4.2 - Use of Sales Aids
To refer the services of INFINii, Affiliates must use the sales aids and support materials produced by INFINii. If INFINii Affiliates develop their own sales aids and promotional materials (which includes Internet advertising), notwithstanding Affiliates' good intentions, they may unintentionally violate any number of statutes or regulations affecting a INFINii business. These violations, although they may be relatively few in number, could jeopardize the INFINii Affiliate Structure for all Affiliates. Accordingly, Affiliates must submit all written sales aids, promotional materials, advertisements, websites and other literature to the Company for Company's approval prior to use. Unless the Affiliate receives specific written approval to use the material, the request shall be deemed denied. All Affiliates shall safeguard and promote the good reputation of INFINii and its services. The marketing and promotion of INFINii, the INFINii Affiliate Structure, shall be consistent with the public interest, and must avoid all discourteous, deceptive, misleading, unethical or immoral conduct or practices.

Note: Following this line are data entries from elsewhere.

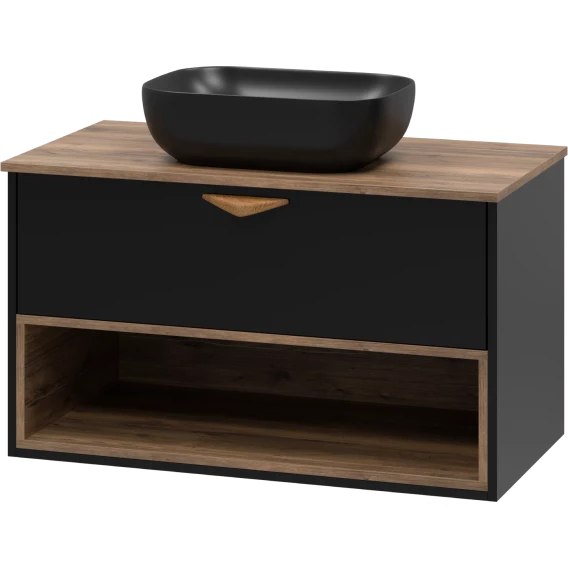 Тумба под раковину Brevita Bergen BER-07090-19-02-1Я 90,4 см, подвесная, со столешницей, подсветкой, черный матовый/дуб галифакс
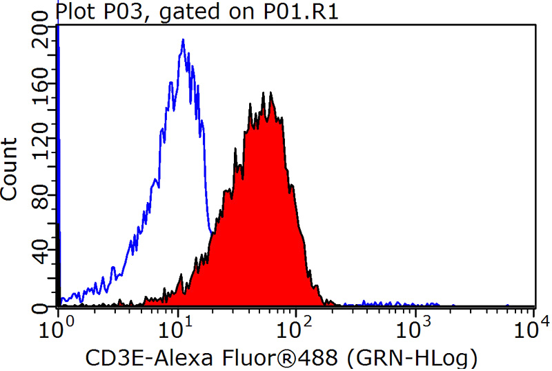 1X10^6 Jurkat cells were stained with 0.2ug CD3E antibody (Catalog No:107129, red) and control antibody (blue). Fixed with 90% MeOH blocked with 3% BSA (30 min). Alexa Fluor 488-congugated AffiniPure Goat Anti-Mouse IgG(H+L) with dilution 1:1000.
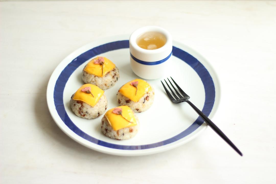 樱花梅子奶酪烤饭团+青梅糖浆兑冰水。今天这一盘好搭~
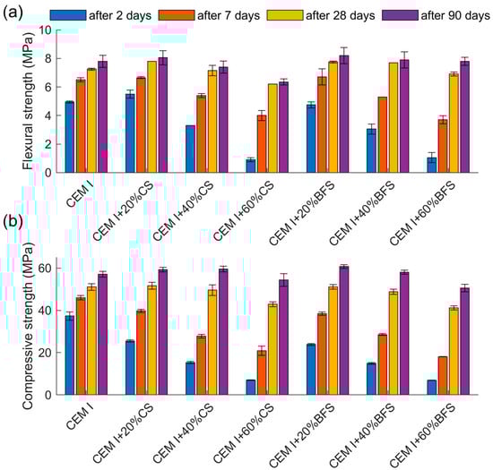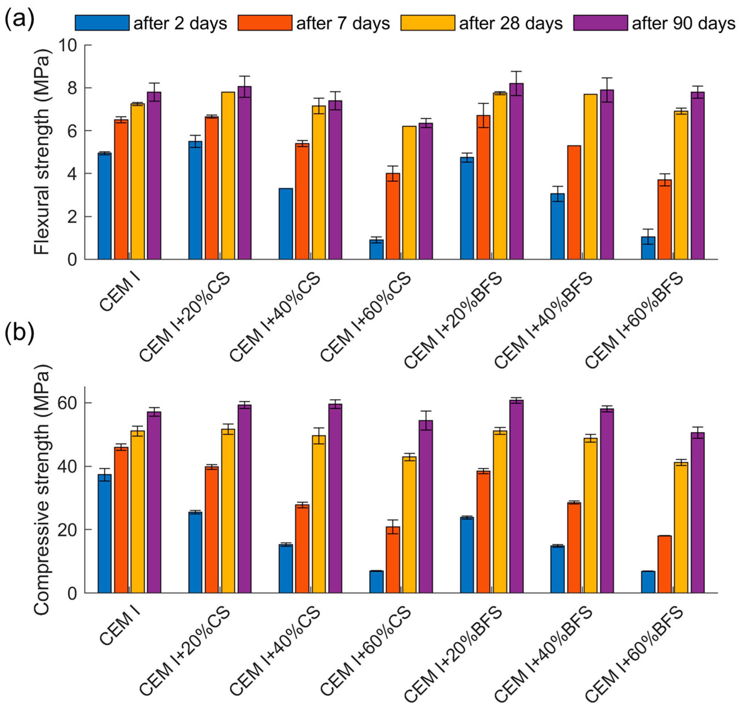 Compressive and flexural strength of mortars containing 20%, 40%, and 60% by mass of CS and BFS after 2, 7, 28, and 90 days of curing: (a) flexural strength; (b) compressive strength.
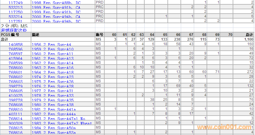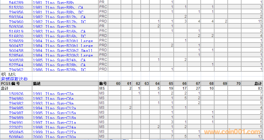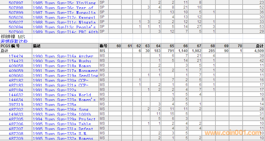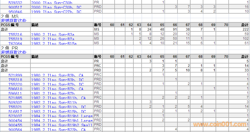 PCGS硬幣評級數(shù)量報(bào)告 ..

4.3 -Intellectual Property
INFINii will not allow the use of its trade names, trademarks, designs, or symbols outside of corporate produced and approved sales aids by any person, including INFINii Affiliates, without prior written authorization from INFINii. Furthermore, no Affiliate may use, publish, reproduce, advertise, sell, or display in any manner the name, picture or likeness, or voice of another Affiliate without prior written consent from the named Affiliate. This consent must be on file with INFINii's Compliance department prior to any use.
4.4 -Web Policy
It is your obligation to ensure your Online marketing activities are truthful, are not deceptive and do not mislead customers or potential Affiliates in any way. Websites and web promotion activities and tactics that mislead or are deceptive, regardless of intent, will not be allowed. This may include representation in any manner that you are an authorized representative for INFINii, spam linking (or blog spam), unethical search engine optimization (SEO) tactics, misleading click-through ads (i.e., having the display URL of a PPC campaign appear to resolve to an official INFINii Corporate Site when it goes elsewhere), unapproved banner ads, and unauthorized press releases. INFINii will be the sole determinant of truthfulness as to whether specific activities are misleading or deceptive.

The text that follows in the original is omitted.